**Supplied data**
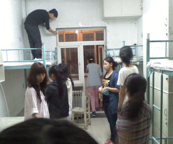 接着,团委的工作人员又对寝室进行了逐一的检查以确保打扫干净,才能迎接新生入住。对于检查不合格的寝室,工作人员通知分管的班级进行再一次的清扫。
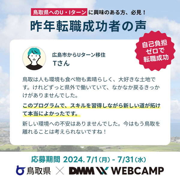 【DMM WEB CAMP×鳥取県】とっとりデジタル人材育成プログラムの受講者募集を開始しています
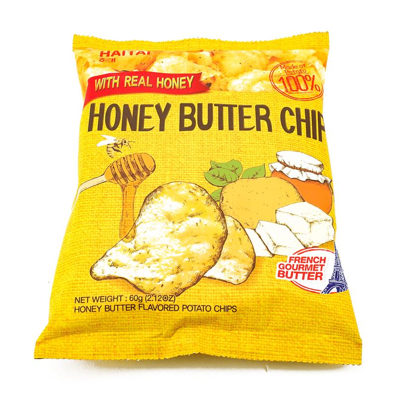 Indulge in the HAITAI Honey Butter Potato Chips. Each pack weighs 60g, featuring real honey and mixed edible oil. These irresistibly crispy chips are ready to eat, making them a perfect snack. 🍟
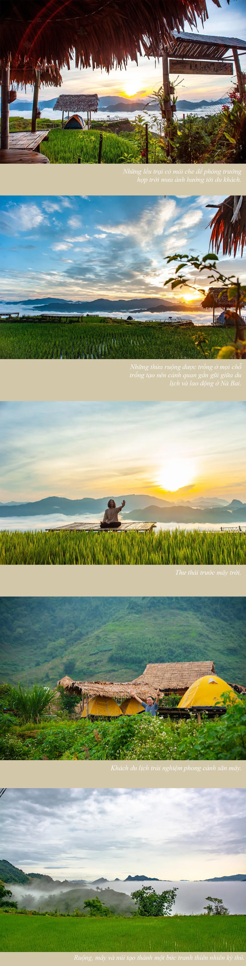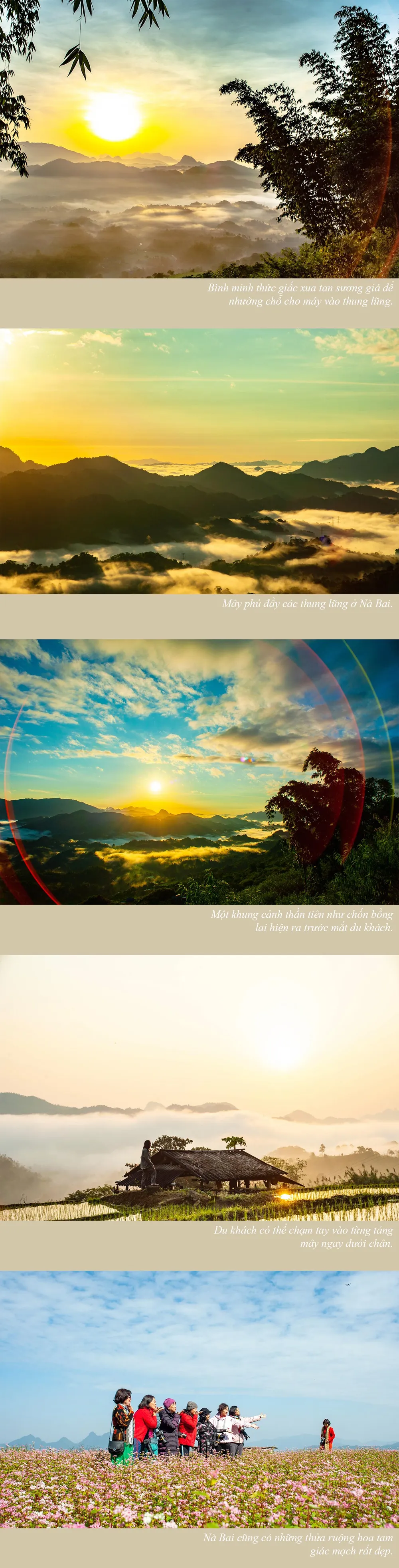 Khi du khách tỉnh giấc trong lều trại cũng là lúc ánh bình minh đang ló rạng. Tận hưởng cảm giác đón bình minh tại Nà Bai và ngắm mây buổi sớm, anh Lương Đình Khoa, du khách đến từ Hưng Yên, chia sẻ: “Ánh nắng bình minh tỏa sáng trước trùng điệp núi non, sưởi ấm sau một đêm nhiều sương giá. Lúc sương tan rẽ lối, mây như đang chảy vào thung lũng, xung quanh là những đỉnh núi trập trùng, phía dưới còn có những người nông dân đang cần cù gieo cấy, tạo nên một bức tranh thiên nhiên tuyệt đẹp. Mây lấp đầy các thung lũng rồi nằm im như đống bông tơ trắng muốt, cảm giác như ta có thể vớt mây thả vào trong chén trà, nhâm nhi buổi sáng sớm. Thật là một khung cảnh hữu tình nên thơ”.
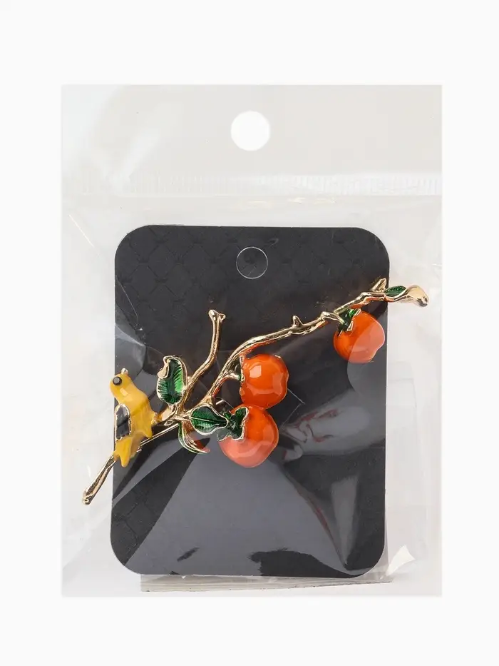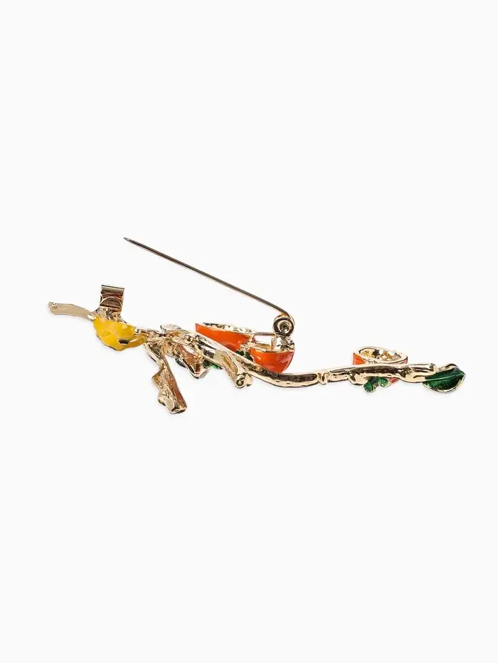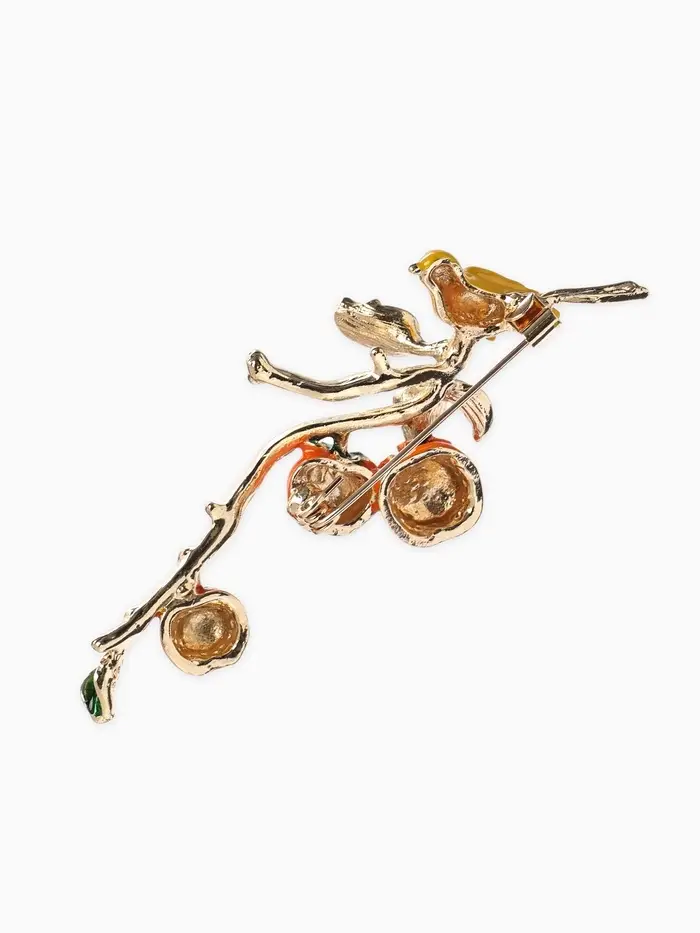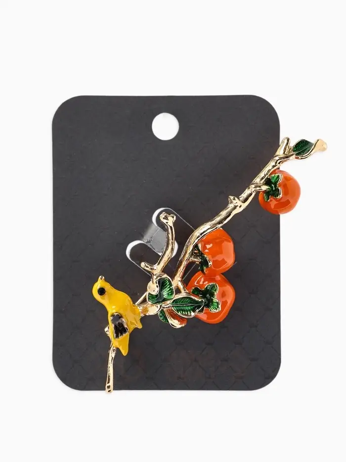 Брошь «Птица на ветке» хурма, цвет оранжевый в золоте
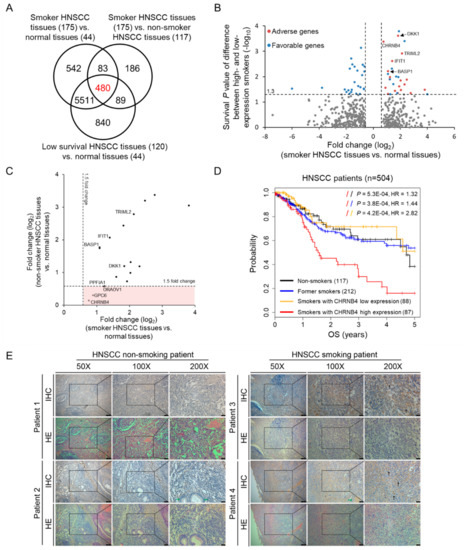 The strategies for determining HNSCC smoking-related and prognostic biomarkers. (A) Venn diagram of differentially expressed genes (DEGs) among normal samples, and HNSCC samples from smoking, non-smoking, and low-survival patients. (B) Identification of 18 adverse (red) and 36 favourable (blue) prognostic genes from 480 DEGs by survival analysis based on high- and low-expression of each gene. (C) Fold change of 18 adverse genes comparing smoker (x-axis) and non-smoker (y-axis) HNSCC tumours to normal tissues. Four genes are located in red region because they are differentially expressed between smoker tumours and normal tissues, but are not between non-smoker tumours and normal tissues. (D) Kaplan–Meier plots of overall survival (OS) of 504 HNSCC patients, including non-smokers (black), former smokers (blue), smokers with low neuronal acetylcholine receptor subunit beta-4 (CHRNB4) expression (orange), and smokers with high CHRNB4 expression (red). (E) Immunohistochemistry stain of clinical HNSCC patients. The tumour region tissue slides from smoking and non-smoking HNSCC patients were stained with CHRNB4 primary antibody, whereas all adjacent sections and same slides were counterstained with haematoxylin and eosin (HE stain) for general histological orientation. Intensive membrane CHRNB4 expression on cancerous region is black arrowed, whereas the CHRNB4 expression in normal adjacent region is indicated by a green arrow.
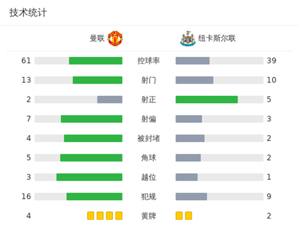 第35分钟,纽卡后场快发定位球后左侧下底传中,第一点马奎尔解围不远,外围霍尔迎球怒射建功,曼联主场0-2落后↓

**Activity**
The records above should be reproduced exactly, with no pictures included.

**Response area**
 接着,团委的工作人员又对寝室进行了逐一的检查以确保打扫干净,才能迎接新生入住。对于检查不合格的寝室,工作人员通知分管的班级进行再一次的清扫。
 【DMM WEB CAMP×鳥取県】とっとりデジタル人材育成プログラムの受講者募集を開始しています
 Indulge in the HAITAI Honey Butter Potato Chips. Each pack weighs 60g, featuring real honey and mixed edible oil. These irresistibly crispy chips are ready to eat, making them a perfect snack. 🍟
 Khi du khách tỉnh giấc trong lều trại cũng là lúc ánh bình minh đang ló rạng. Tận hưởng cảm giác đón bình minh tại Nà Bai và ngắm mây buổi sớm, anh Lương Đình Khoa, du khách đến từ Hưng Yên, chia sẻ: “Ánh nắng bình minh tỏa sáng trước trùng điệp núi non, sưởi ấm sau một đêm nhiều sương giá. Lúc sương tan rẽ lối, mây như đang chảy vào thung lũng, xung quanh là những đỉnh núi trập trùng, phía dưới còn có những người nông dân đang cần cù gieo cấy, tạo nên một bức tranh thiên nhiên tuyệt đẹp. Mây lấp đầy các thung lũng rồi nằm im như đống bông tơ trắng muốt, cảm giác như ta có thể vớt mây thả vào trong chén trà, nhâm nhi buổi sáng sớm. Thật là một khung cảnh hữu tình nên thơ”.
 Брошь «Птица на ветке» хурма, цвет оранжевый в золоте
 The strategies for determining HNSCC smoking-related and prognostic biomarkers. (A) Venn diagram of differentially expressed genes (DEGs) among normal samples, and HNSCC samples from smoking, non-smoking, and low-survival patients. (B) Identification of 18 adverse (red) and 36 favourable (blue) prognostic genes from 480 DEGs by survival analysis based on high- and low-expression of each gene. (C) Fold change of 18 adverse genes comparing smoker (x-axis) and non-smoker (y-axis) HNSCC tumours to normal tissues. Four genes are located in red region because they are differentially expressed between smoker tumours and normal tissues, but are not between non-smoker tumours and normal tissues. (D) Kaplan–Meier plots of overall survival (OS) of 504 HNSCC patients, including non-smokers (black), former smokers (blue), smokers with low neuronal acetylcholine receptor subunit beta-4 (CHRNB4) expression (orange), and smokers with high CHRNB4 expression (red). (E) Immunohistochemistry stain of clinical HNSCC patients. The tumour region tissue slides from smoking and non-smoking HNSCC patients were stained with CHRNB4 primary antibody, whereas all adjacent sections and same slides were counterstained with haematoxylin and eosin (HE stain) for general histological orientation. Intensive membrane CHRNB4 expression on cancerous region is black arrowed, whereas the CHRNB4 expression in normal adjacent region is indicated by a green arrow.
 第35分钟,纽卡后场快发定位球后左侧下底传中,第一点马奎尔解围不远,外围霍尔迎球怒射建功,曼联主场0-2落后↓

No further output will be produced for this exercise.